* _Description of the task_
Could you reproduce the lines below from the one with "中国人寿保险股份有限公司 | 0.8609 |" through the one with "Bostadsområdet är anpassad"? Keep both ends and add nothing.

* _Supplied records_
--- START ---

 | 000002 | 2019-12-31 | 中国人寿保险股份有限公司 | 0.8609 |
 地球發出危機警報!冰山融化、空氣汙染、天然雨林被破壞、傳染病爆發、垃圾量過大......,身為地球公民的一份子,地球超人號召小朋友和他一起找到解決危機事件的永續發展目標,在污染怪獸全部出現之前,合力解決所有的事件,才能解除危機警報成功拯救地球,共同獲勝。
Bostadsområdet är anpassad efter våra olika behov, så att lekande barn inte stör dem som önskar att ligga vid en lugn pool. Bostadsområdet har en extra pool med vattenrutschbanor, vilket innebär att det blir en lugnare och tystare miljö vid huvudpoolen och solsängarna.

--- END ---
--- START ---

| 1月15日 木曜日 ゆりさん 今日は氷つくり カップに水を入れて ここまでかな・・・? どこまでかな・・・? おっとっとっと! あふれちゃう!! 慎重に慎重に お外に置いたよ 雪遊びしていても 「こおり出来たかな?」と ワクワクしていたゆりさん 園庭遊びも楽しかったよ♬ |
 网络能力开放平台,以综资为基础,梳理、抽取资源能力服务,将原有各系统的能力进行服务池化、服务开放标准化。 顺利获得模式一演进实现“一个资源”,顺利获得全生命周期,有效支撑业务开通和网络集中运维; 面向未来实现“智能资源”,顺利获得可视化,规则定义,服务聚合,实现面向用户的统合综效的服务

--- END ---
--- START ---

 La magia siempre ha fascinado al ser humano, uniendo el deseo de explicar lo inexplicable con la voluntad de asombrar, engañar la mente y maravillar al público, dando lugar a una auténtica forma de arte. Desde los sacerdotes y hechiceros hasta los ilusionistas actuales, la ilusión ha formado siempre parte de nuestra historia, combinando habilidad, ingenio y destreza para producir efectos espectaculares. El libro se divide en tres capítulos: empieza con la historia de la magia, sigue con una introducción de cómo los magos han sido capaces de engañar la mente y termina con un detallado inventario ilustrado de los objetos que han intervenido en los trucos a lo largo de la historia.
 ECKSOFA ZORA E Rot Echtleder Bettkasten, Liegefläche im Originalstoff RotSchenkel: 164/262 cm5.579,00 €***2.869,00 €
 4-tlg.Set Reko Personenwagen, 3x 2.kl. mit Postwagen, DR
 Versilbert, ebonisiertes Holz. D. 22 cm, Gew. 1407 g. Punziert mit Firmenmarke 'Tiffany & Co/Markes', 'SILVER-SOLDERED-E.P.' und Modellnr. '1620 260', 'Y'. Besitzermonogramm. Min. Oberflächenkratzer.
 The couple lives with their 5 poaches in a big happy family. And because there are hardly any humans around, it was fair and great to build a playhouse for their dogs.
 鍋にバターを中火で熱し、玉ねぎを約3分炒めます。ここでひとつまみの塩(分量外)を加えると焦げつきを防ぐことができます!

--- END ---

* _Answer section_
 | 000002 | 2019-12-31 | 中国人寿保险股份有限公司 | 0.8609 |
 地球發出危機警報!冰山融化、空氣汙染、天然雨林被破壞、傳染病爆發、垃圾量過大......,身為地球公民的一份子,地球超人號召小朋友和他一起找到解決危機事件的永續發展目標,在污染怪獸全部出現之前,合力解決所有的事件,才能解除危機警報成功拯救地球,共同獲勝。
Bostadsområdet är anpassad efter våra olika behov, så att lekande barn inte stör dem som önskar att ligga vid en lugn pool. Bostadsområdet har en extra pool med vattenrutschbanor, vilket innebär att det blir en lugnare och tystare miljö vid huvudpoolen och solsängarna.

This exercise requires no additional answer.